In recent years, Drag Ball has been criticized for veering from its original goal of educating Oberlin’s non-transgender/transsexual (and even non-queer) population of the challenges some members of the LGBTQQIA community face every day.  According to one online blogger, “what used to be a celebration of genderfuck and ‘subversive’ lifestyles is now a bunch of really drunk straight boys running around in their girlfriends’ dresses” with little interest in developing a more profound understanding of non-traditional gender/sex identities.  Others insist that in providing a forum for casual cross-dressing, Drag Ball allows those too timid to test the trans waters in everyday life to do so without pressure.  In their article “Learning from Drag Queens,” Verta Taylor and Leila Rupp argue that even though “drag shows may be entertaining, and diverse people may flock to them to have a good time,” these facts do “not belie the impact that a night of fun can have” (247).  Application of this theory to last weekend’s festivities would indicate that these oblivious “straight boys…in their girlfriend’s dresses” are unknowingly receiving a social education from performers like Scott.  Taylor and Rupp explain that drag queens, by flaunting their heightened sex appeal and remaining completely honest with the audience, encourage viewers to question their own gender profiles and sexual preferences.

Is this true for Oberlin’s Drag Ball?  Perhaps.  Undoubtedly, some Obies in attendance may have found themselves questioning their attraction to ambiguously gendered drag performers or their friends in drag.  Others may have been too drunk to appreciate the significance of this confusion.  Interestingly enough, even though the majority of male attendees were scantily clad in hip hugging, figure-fitting frocks, their individual interpretations of being women did not go much further.  Few of my friends truly took the time to delve into the complexities of performing another gender beyond the obvious attire change.  None of us attended the workshop on Saturday due to prior conflicts (not that we would have gone had we been free), and there were no other publicized events last week to inform on queer culture.  This, as Taylor and Rupp suggest, does not mean that we were not able to digest any educational value from Scott’s performance, other drag performances, or from witnessing a “troubling” (249) of gender among the student population.  What is does mean is that at a school that prides itself on being inclusive, explorative, and progressive, our token queer campus-wide event remains shrouded in negativity, leaving a lot to be desired.

I’ve already reached the word limit for this assignment, but I would like to dedicate a few sentences to another issue we discussed in class during this unit.  As a singer I take particular interest in the special attention Anno Mungen pays to the closeness of the voice to “human existence” in “‘Anders als die anderen,’ or Queering the Song” (68).  Our class ultimately decided that Mungen’s attachment of sentimentality to what comes from within – meaning, the voice – was a far stretch.  At the time I agreed, but in retrospect, after having thought more from the perspective of a singer, I can see where Mungen is coming from.  It may indeed be unrealistic, but the timbre of the voice, as an entity that is intrinsically connected to our core, does manipulate gender in a way that mere visual alterations do not.

Whether through visual and physical transformations in drag performance or through inner, more intimate vocal alterations, the performative troubling of gender is essential to expanding our current binary conceptions of gender and sexuality.

This clip is from an episode of Dawson’s Creek in which Jen throws an anti-homecoming dinner featuring drag queens instead of homecoming queens.  Although she is attempting to upset the norms, she clearly lacks in depth understanding of what it means to perform drag.  “Homecoming queens, drag queens, what’s the difference?” she asks ignorantly.  “They’re all people dressing up, pretending to be something they’re not.”  The troubling of gender has only just begun.

April 7th, 2009 by alee

Without the proper background information or the personal history of a particular performer it is often not easy to tell whether the performance is queer or not.

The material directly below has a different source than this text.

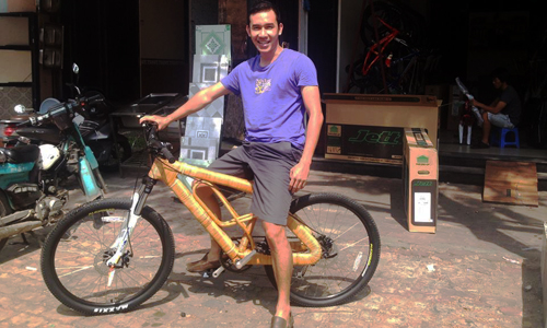 15/04/2014 8:57 AMÝ tưởng sản xuất xe đạp khung gỗ hình thành sau chuyến đạp xe xuyên Việt của Đỗ Bá Huy - chàng giám đốc từng nổi danh với sản phẩm chuột gỗ made in Vietnam.

Although, there are a couple of ways to queer a song, they are either through the makeup of the music or the lyrics. I would say it is much easier to determine if something is or has been queered by the lyrics. How do we define the difference between something that is queer and something that has queer connotations. For my first example I will use the band Kiss.kiss.jpg

Kiss could be considered queer by their means of dress and the high falsetto style in which they sing. However, their lyrics in the song “I Was Made For Loving You” talk specifically about loving a woman. So, in fact is their dress just a means of expressing themselves and is actually masculine or is there a certain undertone that they are trying to suggest. This is not as obvious to determine as if I where using RuPaul as an example. RuPaul is clearly queer in the fact that this particular artist states that they are queer. So my main question is, what is the difference between these two artists and their performances? and are they trying to relay the same message?rupaul.jpg

In terms of sexuality there are many different ways that men and women can express themselves. I do not think your sexuality relates directly to your sex. Whether you are male or female, sexuality should be how one sees themselves and the way in which you need to express yourself individually. Most, if not all of the artists in the music industry today have to pay respect to the performers who came before them and who represented their sexuality in very specific ways. For instance Big Mama Thornton, who in the 1960s did not dress or display typical female attire and characteristics respectively. This individual form of self-expression easily goes back as far as the 1930s. During the German Cabaret period, songs involving queer subject matter started to appear. Even though at this time this subject matter was not displayed in public as often as in the years that followed, people started to voice their opinions and express themselves more freely. In the article “Anders Als Die Anderen or Queering The Song Construction and Representation of Homosexuality in German Cabaret Song and Recordings” by Anno Mungen, the term “Sexual Liberalism” is used. “Sexual Liberalism” is the act of people expressing their sexuality on stage through drag (both ways) men as women and women as men. The performers used these aspects to help create a greater connection and understanding between the aural and visual meaning of their performances. Today it is much more difficult to categorize a person or a performance, because there are so many different aspects and developing levels of how we identify our identity. Overall, the main point is; no matter how someone identifies themselves it is most important to express oneself in the true form of who you are, one part just happens to be sexuality.

 

 

 

Amanda Lepore

April 7th, 2009 by dkoplinkaloehr

In the light of the recent drag ball fesitivities, I was inspired to write about whose show I watched last year at Drag Ball, by Amanda Lepore.225px-amanda-lepore.jpg

I found her show fascinating, specifically because she seemed so hyper-sexualized and overt about her femininity. Amanda Lepore was born male-bodied and by the age of 15 had begun taking hormones to change to female-bodied; she underwent a sex change operation and has undergone numerous surgeries in order to create a specific feminine “look” she was going for. In a video interview she gave in 2006, the “look,” was intended to be something like “Marilyn Monroe,” and judging from her performance in last year’s drag ball, I personally felt she succeeded.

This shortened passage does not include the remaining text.